官术网_书友最值得收藏!

Backpropagation and stochastic gradient descent

Backpropagation, or the backward propagation of errors, is the most commonly used supervised learning algorithm for adapting the connection weights.

Considering the error or the cost as a function of the weights W and b, a local minimum of the cost function can be approached with a gradient descent, which consists of changing weights along the negative error gradient:

Here,

is the learning rate, a positive constant defining the speed of a descent.

The following compiled function updates the variables after each feedforward run:

g_W = T.grad(cost=cost, wrt=W)
g_b = T.grad(cost=cost, wrt=b)

learning_rate=0.13
index = T.lscalar()

train_model = theano.function(
    inputs=[index],
    outputs=[cost,error],
    updates=[(W, W - learning_rate * g_W),(b, b - learning_rate * g_b)],
    givens={
        x: train_set_x[index * batch_size: (index + 1) * batch_size],
        y: train_set_y[index * batch_size: (index + 1) * batch_size]
    }
)

The input variable is the index of the batch, since all the dataset has been transferred in one pass to the GPU in shared variables.
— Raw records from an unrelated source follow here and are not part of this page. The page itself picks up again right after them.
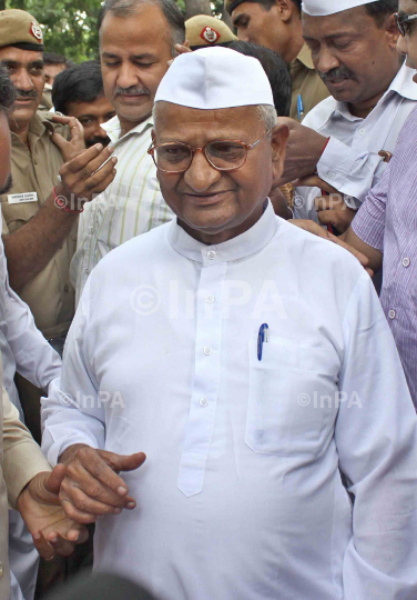 Social activists Anna Hazare speaking to mediapersons after a meeting with Congress President Sonia Gandni on the issue of Jan Lokpal Bill Draft at her residence in New Delhi on Saturday, 02/07/2011. Photo Credit: Indian Photo Agency
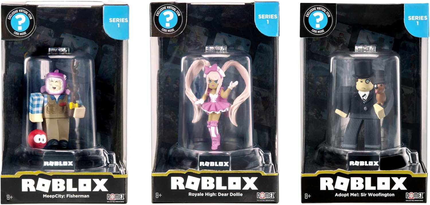 Roblox Action Collection – 15th Anniversary Domez Collectible Royale High: Dear Dollie, MeepCity: Fisherman, Adopt Me!: Sir Woofington 3-Pack [Includes 3 Exclusive Virtual Items]
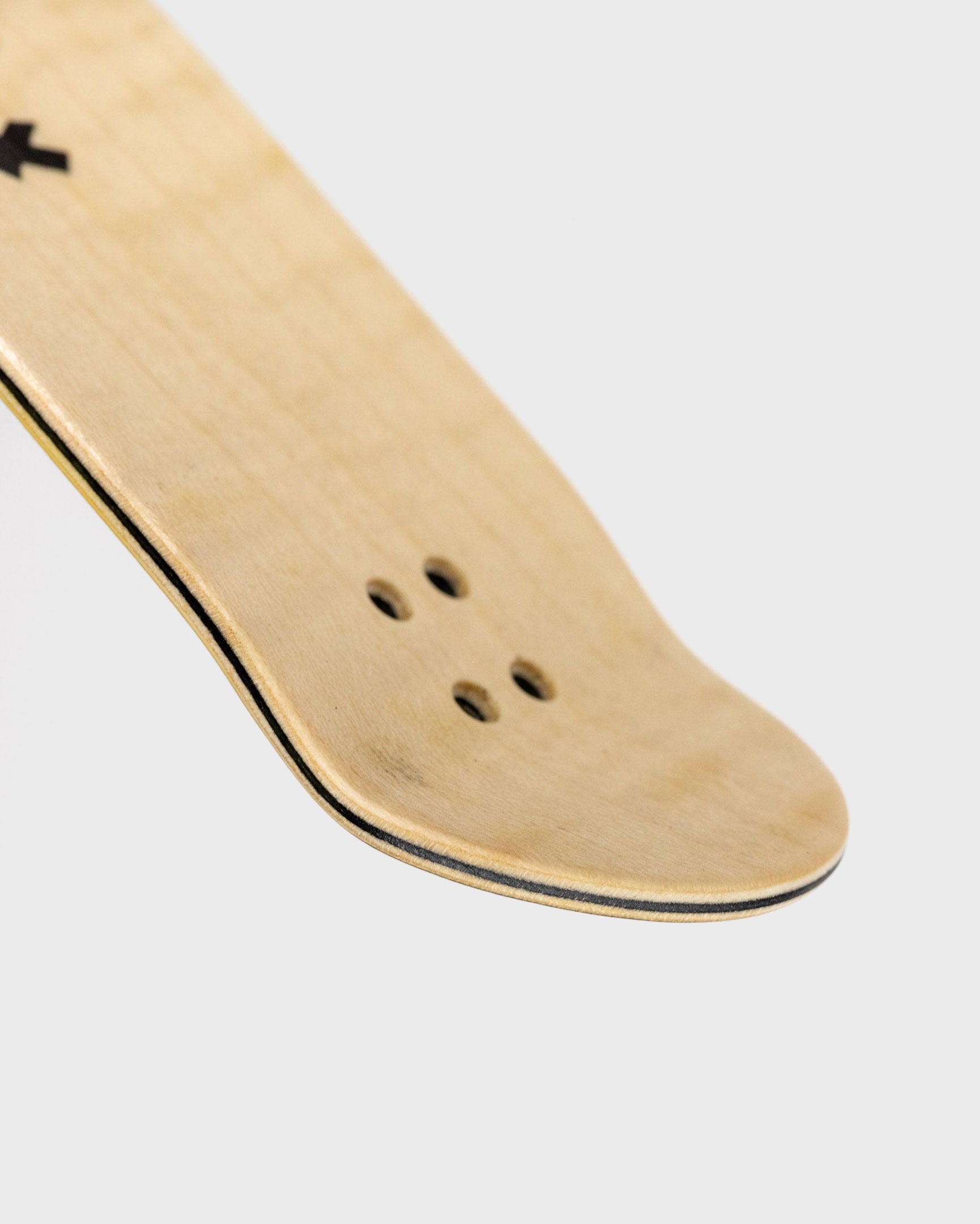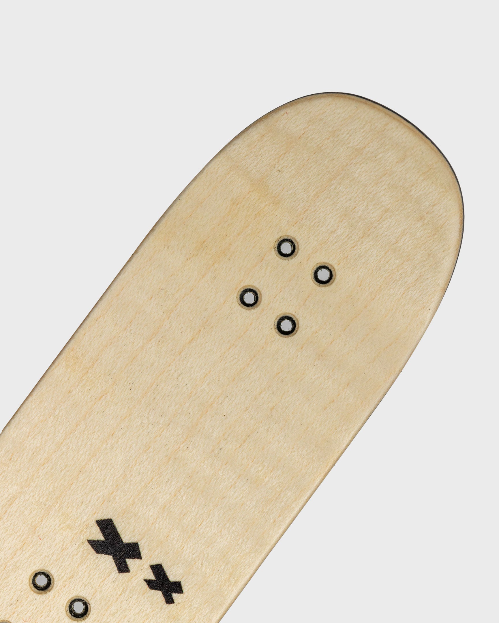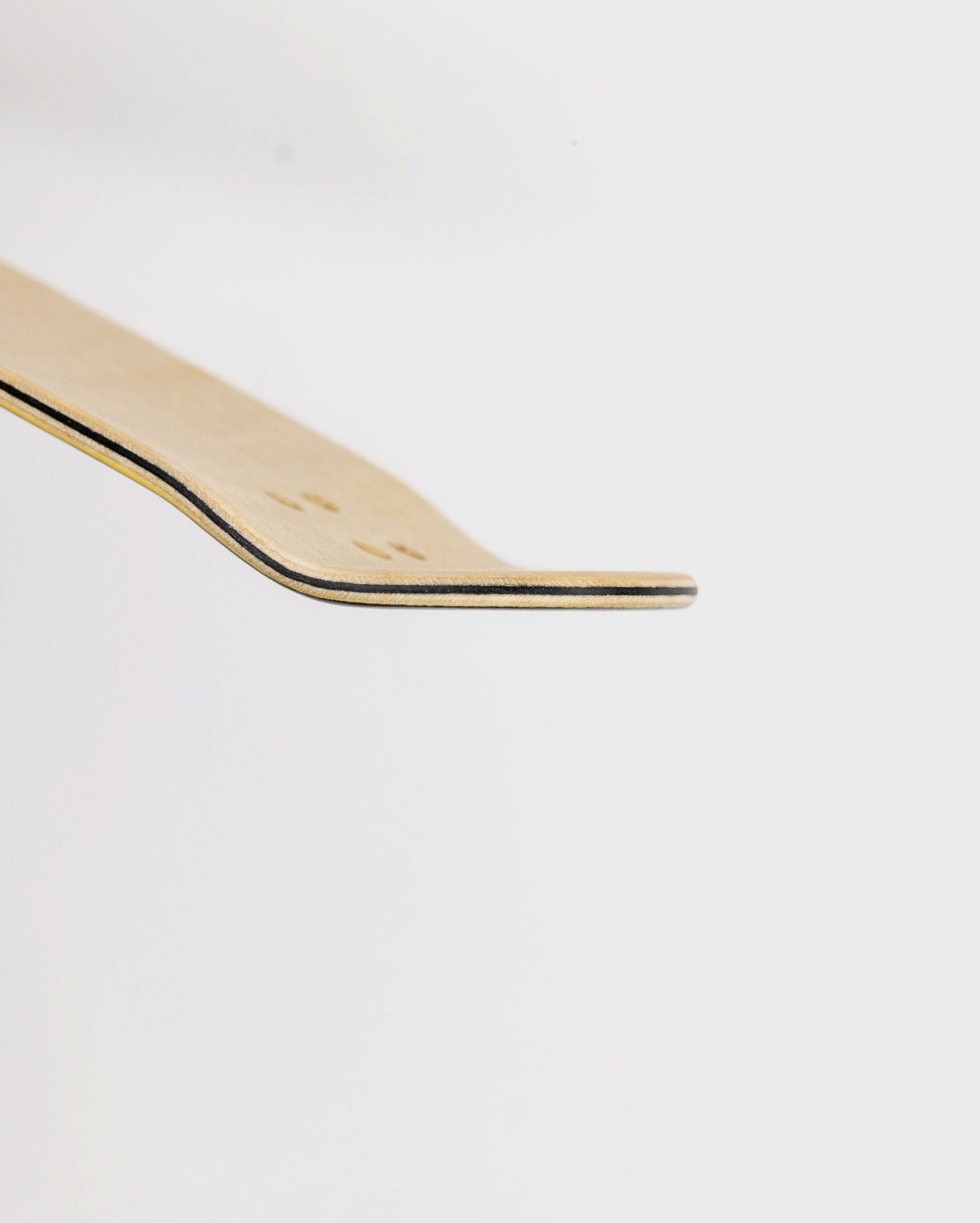 This fingerboard deck is V2 of our classic inspired street shape with slightly squared kicks for perfect grind lock-in. Not quite an egg or football, but a little bit of taper on the kicks for a unique feel. Slightly steeper and longer nose. This shape is perfect for ledge/rail tech enthusiasts.
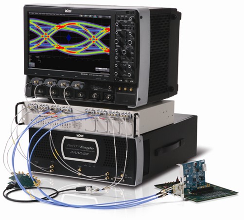 在RX測試時,示波器通過GPIB接口控制RF Switch切換到另一鏈路,如圖8下部分所示,PeRT3的碼型發(fā)生器輸出的加入抖動的信號先通過Compliance Test Channel(由Intel的11英寸背板和3米USB3.0電纜組成),然后連接到USB3夾具,進(jìn)入PUT的RX端,PUT的TX端通過夾具,把信號發(fā)送給PeRT3的Error Dector端。
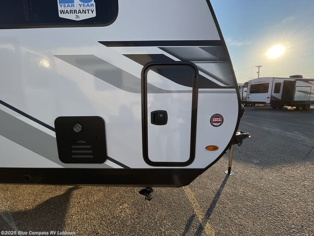 With any Jay Feather travel trailer by Jayco, you will enjoy lightweight towing, convenient exterior amenities, and at-home comforts inside! The Overlander 1 Solar Package included within the Jay Sport Package comes with a 200W solar panel and a 30-amp digital controller so you can enjoy some off-grid camping. There is also a modern graphics package with a dual-colored sidewall, LCI Solid Step fold-down aluminum tread steps on the main entry door, and Climate Shield 0 -100° F tested weather insulation package that will allow you to camp in all sorts of climates. The Customer Value Package will make time outdoors easier than ever with a power tongue jack and a Rock Solid stabilizer system, plus American-made nitro-filled Goodyear tires with self-adjusting electric brakes. More exterior features include a Keyed-Alike locking system, marine grade exterior speakers, a Magnum Truss roof system, and the list goes on! And we haven't even touched on the interior comforts, like the residential style seamless countertops and vinyl flooring throughout, decorative backsplash, handcrafted hardwood door/drawer fronts, and multiple USB charging ports to keep you going!
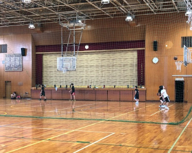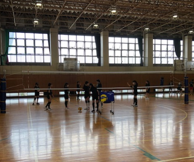 体育館では、男子バスケットボール部と女子バレーボール部が練習をしています。
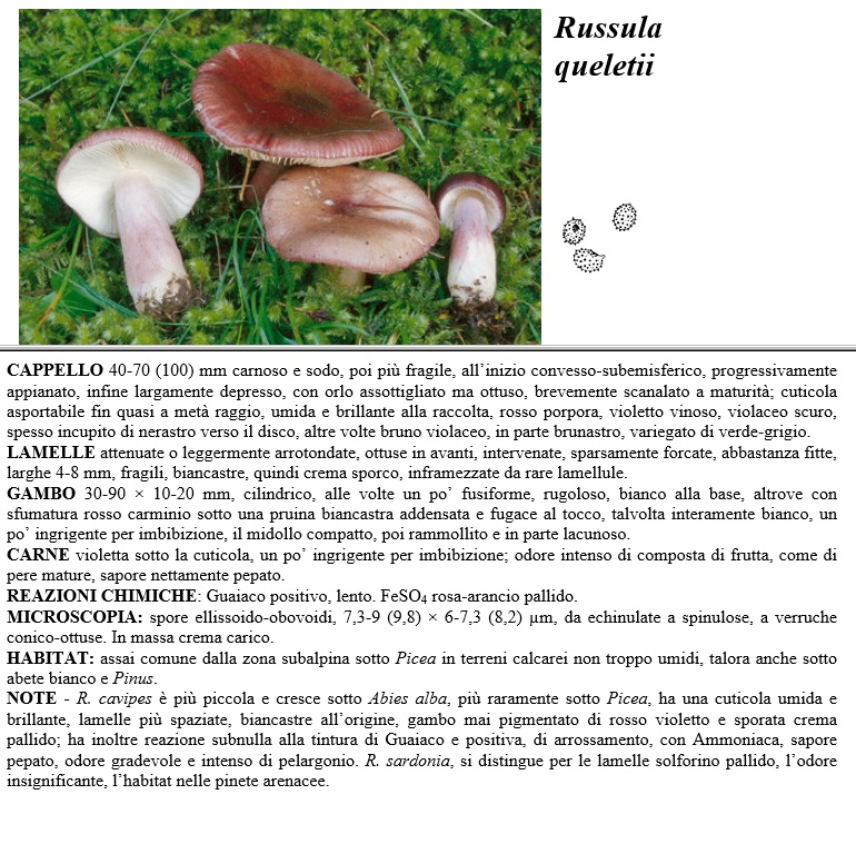 CAPPELLO 40-70 (100) mm carnoso e sodo; poi più fragile, all'inizio convesso-subemisferico; progressivamente appianato, infine largamente depresso, con orlo assottigliato ma ottuso, brevemente scanalato a maturità; cuticola asportabile fin quasi a metà raggio, umida e brillante alla raccolta, rosso porpora violetto cinoso, violaceo scuro; spesso incupito di nerastro verso il disco, altre volte bruno ciolaceo; in parte brunastro, variegato di verde-grigio. LAMELLE attenuate o leggermente arrotondate, ottuse in acanti, intervenate, sparsamente forcate, abbastanza fitte; larghe 4-8 mm, fragili, biancastre, quindi crema sporco, inframezzate da rare lamellule. GAMBO 30-90 x 10-20 mm, cilindrico; alle volte un po' fusiforme, rugoloso, bianco alla base; altrove con sfumatura rosso carminio sotto una pruina biancastra addensata e fugace al tocco, talvolta interamente bianco, un po' ingrigente per imbibizione, il midollo compatto, poi rammollito e in parte lacunoso. CARNE violetta sotto la cuticola, un po' ingrigente per imbibizione; odore intenso di composta di frutta, come di pere mature, sapore nettamente pepato. REAZIONI CHIMICHE Guaiaco positivo, lento. FeSO4 rosa-arancio pallido. MICROSCOPIA spore ellissoido-obovoidi, 7,3-9 (9,8) x 6-7,3 (8,2) µm, da echinulate a spinulose; a verruche conico-ottuse. In massa crema carico. HABITAT: assai comune dalla zona subalpina sotto Picea in terreni calcarei non troppo umidi; talora anche sotto abete bianco e Pinus. NOTE - R. cavipes è più piccola e cresce sotto Abies alba, più raramente sotto Picea, ha una cuticola umida e brillante, lamelle più spaziate, biancastre all'origine, gambo mai pigmentato di rosso violetto e sporata crema pallido; ha inoltre reazione subnulla alla tintura di Guaiaco e positiva, di arrossamento, con Ammoniaca, sapore pepato; odore gradevole e intenso di pelargonio. R. sardonia, si distingue per le lamelle solforino pallido, l'odore insignificante. l'habitat nelle pinete arenacee.
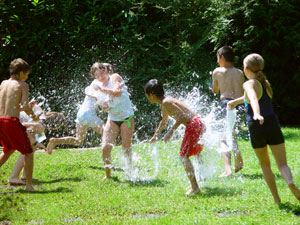 Im Mülheimer Stadtgarten hingegen heißt das Motto der Ferienspiele „Sommer, Sonne und das Meer“. Hier erleben die Jungen und Mädchen ein Wellenbad am großen Schwungtuch und gestalten eine Unterwasserwelt mit Haien, Seesternen, versunkenen Städten und vielen bunten Fischen. Auf einer Wasserrutsche kann ausgiebig geplanscht werden und auch auf der Hüpfburg oder der Riesenschlange haben die Kinder die Gelegenheit ihren Bewegungsdrang auszuleben.
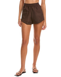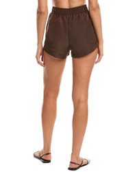 - Color/pattern: brauna brown - Inseam approximately 3in - Model is 5'9 and is wearing a size small. Measurements may vary slightly by size. - Design details: elastic waist, front welt pocket and two back pockets - Slip-on styling - 100% polyamide - Machine wash - Imported

Training consists of presenting each sample to the model iteratively (iterations) and repeating the operation many times (epochs):

n_epochs = 1000
print_every = 1000

n_train_batches = train_set[0].shape[0] // batch_size
n_iters = n_epochs * n_train_batches
train_loss = np.zeros(n_iters)
train_error = npzeros(n_iters)

for epoch in range(n_epochs):
    for minibatch_index in range(n_train_batches):
        iteration = minibatch_index + n_train_batches * epoch
        train_loss[iteration], train_error[iteration] = train_model(minibatch_index)
        if (epoch * train_set[0].shape[0] + minibatch_index) % print_every == 0 :
            print('epoch {}, minibatch {}/{}, training error {:02.2f} %, training loss {}'.format(
                epoch,
                minibatch_index + 1,
                n_train_batches,
                train_error[iteration] * 100,
                train_loss[iteration]
            ))

This only reports the loss and error on one mini-batch, though. It would be good to also report the average over the whole dataset.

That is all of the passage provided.